WORK REQUEST
For this exercise, please return exactly the line containing "Fliptoons er et" and each line after it through the end of the records, with no pictures included.

DATASET

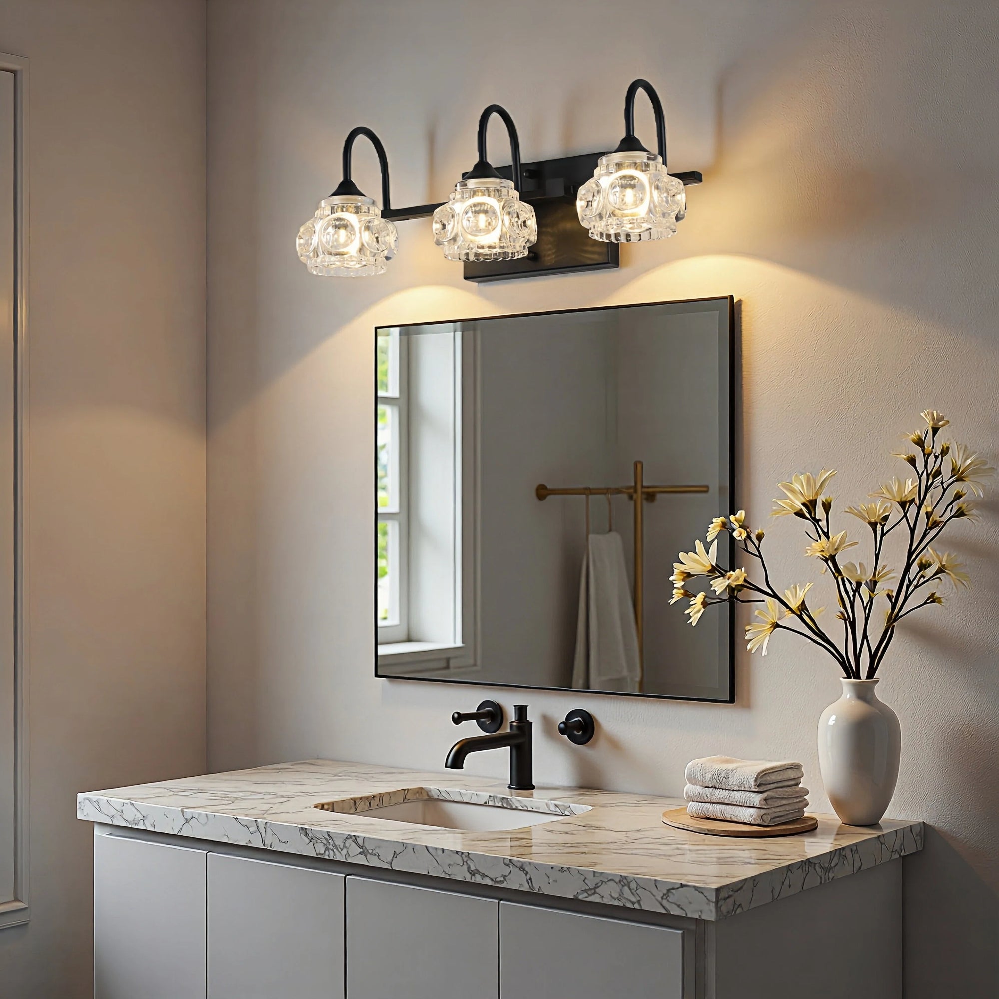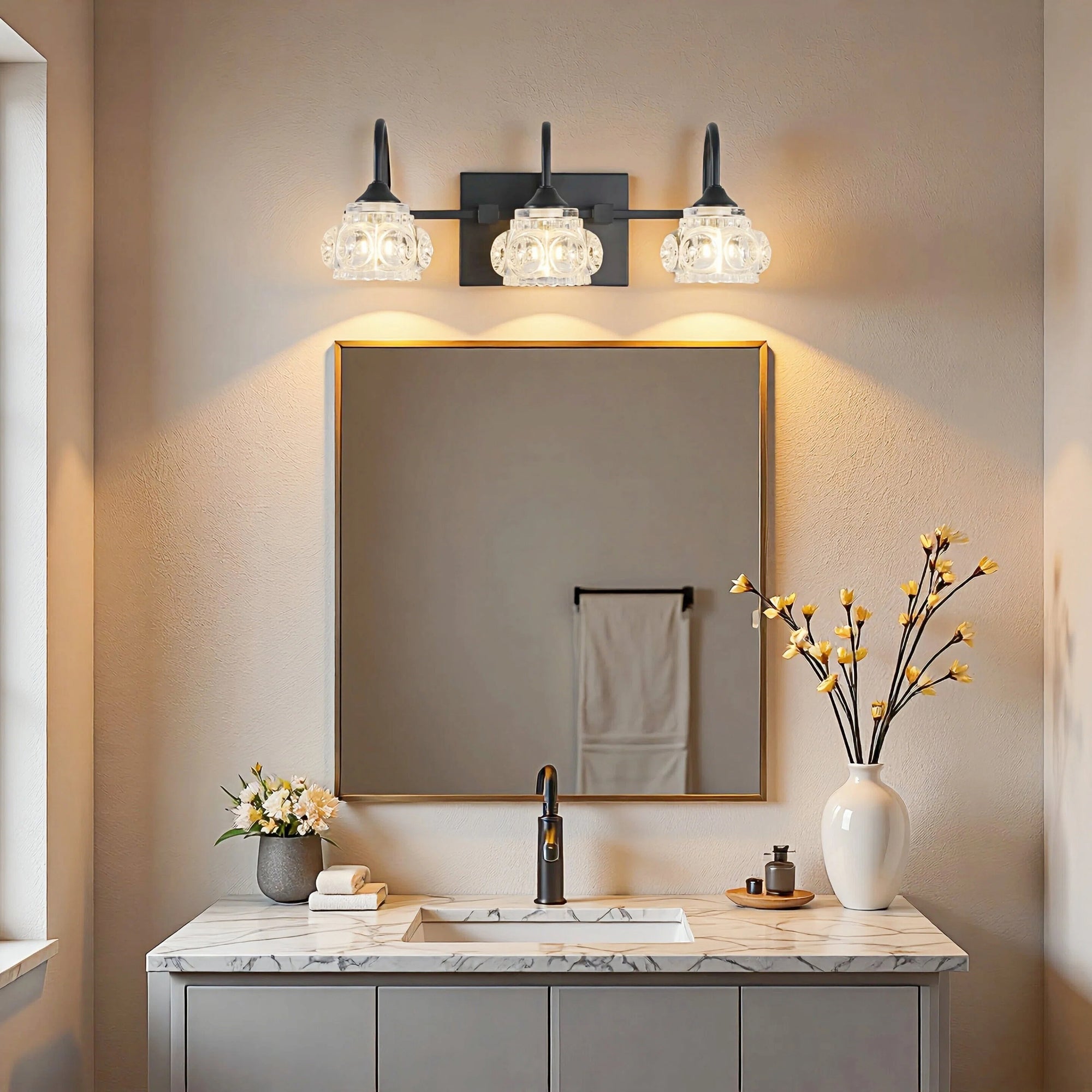 10、A Blend of Old and New: Combining vintage crystal shades with a modern black-plated base, this light fixture perfectly complements both traditional and modern bathroom aesthetics.
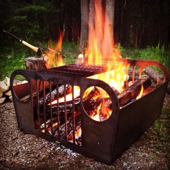 Who would have thought that an old jeep grill would make such a great frame for a DIY fire pit? So clever!
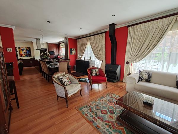 Step into this exquisite 4-bedroom home and be blown away by the seamless blend of modern style and comfort. The heart of the home features a sleek, well-appointed kitchen with abundant cupboard space, a scullery, gas stove, and electric oven perfect for preparing meals while enjoying the open plan space. Relax in the spacious TV room, dining area, and living room, all flowing together with warm, inviting energy enhanced by electric and gas fireplaces. Air-conditioning in the kitchen adds an extra touch of convenience.
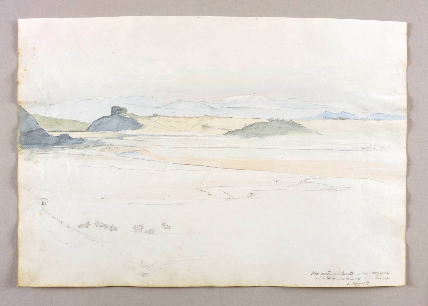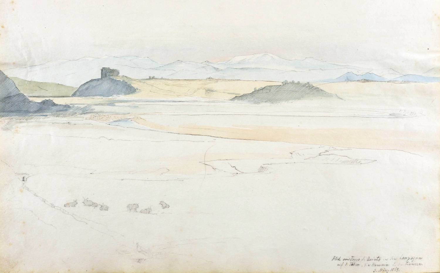 Rechts unten in Bleistift bezeichnet und datiert: ″Blick von Torro di Quinto in die Campagna auf d. Tiber, Via Flammia u. die Lionessa. 3. März. 1859.″ – Aus dem Skizzenbuch eines deutschen wohl spätromantischen Künstlers von einer Italienreise der Jahre 1858/59 mit zahlreichen Veduten und Wiedergaben alter Meister. – In den Blatträndern minimal fleckig. Guter Zustand.
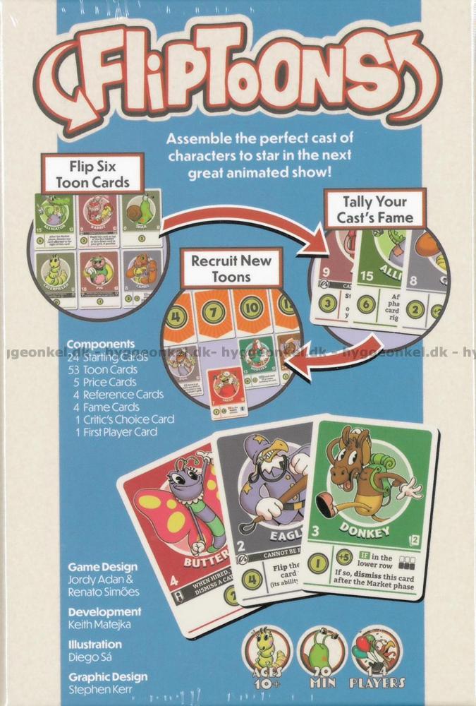 Fliptoons er et kreativt og humoristisk spil, hvor spillerne sammen skaber skøre tegneseriefigurer og konkurrerer om at samle de mest underholdende kombinationer. Hvert kort er illustreret med en del af en figur – hoved, krop eller ben – og ved at vende og kombinere kortene opstår der unikke karakterer fulde af sjove detaljer.
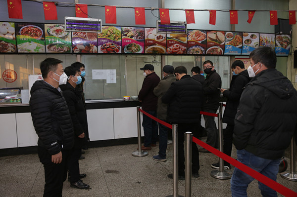 “年輕人嘛,吃飯時(shí)間比別人晚點(diǎn),辛苦一些不重要,可以為疫情防控工作盡一點(diǎn)綿薄之力,確保咋們的職工安全,一切都值得!”職工餐廳排隊(duì)的人群里,李偉正在耐心勸導(dǎo)盡量將飯菜帶回宿舍吃,吃飯時(shí)大家盡量少交談,看著職工就餐快結(jié)束了,這才拿出自己的碗筷打飯。

ANSWER BOX
 Fliptoons er et kreativt og humoristisk spil, hvor spillerne sammen skaber skøre tegneseriefigurer og konkurrerer om at samle de mest underholdende kombinationer. Hvert kort er illustreret med en del af en figur – hoved, krop eller ben – og ved at vende og kombinere kortene opstår der unikke karakterer fulde af sjove detaljer.
 “年輕人嘛,吃飯時(shí)間比別人晚點(diǎn),辛苦一些不重要,可以為疫情防控工作盡一點(diǎn)綿薄之力,確保咋們的職工安全,一切都值得!”職工餐廳排隊(duì)的人群里,李偉正在耐心勸導(dǎo)盡量將飯菜帶回宿舍吃,吃飯時(shí)大家盡量少交談,看著職工就餐快結(jié)束了,這才拿出自己的碗筷打飯。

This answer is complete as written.